Con los años, en 1976, Romero dará a luz otra obra mayor: Latinoamerica, las ciudades y las ideas. En ella vuelve al que fue su objeto de interés predilecto como observador y como historiador: las ciudades. De las ciudades hidalgas a las masificadas van desplegándose los capítulos (entre los que sobresale el dedicado a las burguesas, bello y evocador) y, en ellos, casi cinco siglos de historia de la cultura latinoamericana. Se ha señalado muchas veces la deuda de esa obra con Sarmiento; el mismo autor estaba de acuerdo en ello. Empero, debe observarse que Romero fue, como antes de él Martínez Estrada, no un seguidor sino “un renovador de la exégesis sarmientina”. Con todo, la importancia del libro puede buscarse en otra parte. Por un lado, como ha señalado Gutiérrez Girardot, en la voluntad de dar entidad al pasado latinoamericano que otros habían expulsado condenándolo al reino de la naturaleza y no de la historia. Por el otro, presentar una historia latinoamericana que no fuese simplemente copia más o menos degradada de la historia europea. En este libro Romero encuentra un feliz espacio intermedio que remarca las similitudes pero también las diferencias entre ambos procesos. Su antigua experiencia como historiador europeo y su nueva como latinoamericano confluyen así exitosamente.

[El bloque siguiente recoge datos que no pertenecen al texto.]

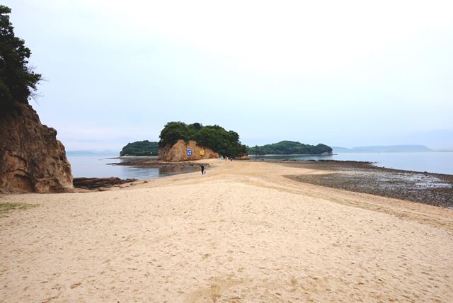 潮が引くとあらわれる砂の道。「大切な人と手をつないで渡ると、願いが叶う」というロマンチックな場所です。

 Romero hubiera probablemente desconfiado de aquellas denominaciones. La historia era para él algo sin compartimientos y sin especializaciones. Buscó en ella un camino original y a menudo contra la corriente. Hombre de su tiempo, no quiso aferrarse a las modas historiográficas de su época. Quizás eso es lo que lo convierte en un clásico, definición que (imaginamos) no le hubiera disgustado.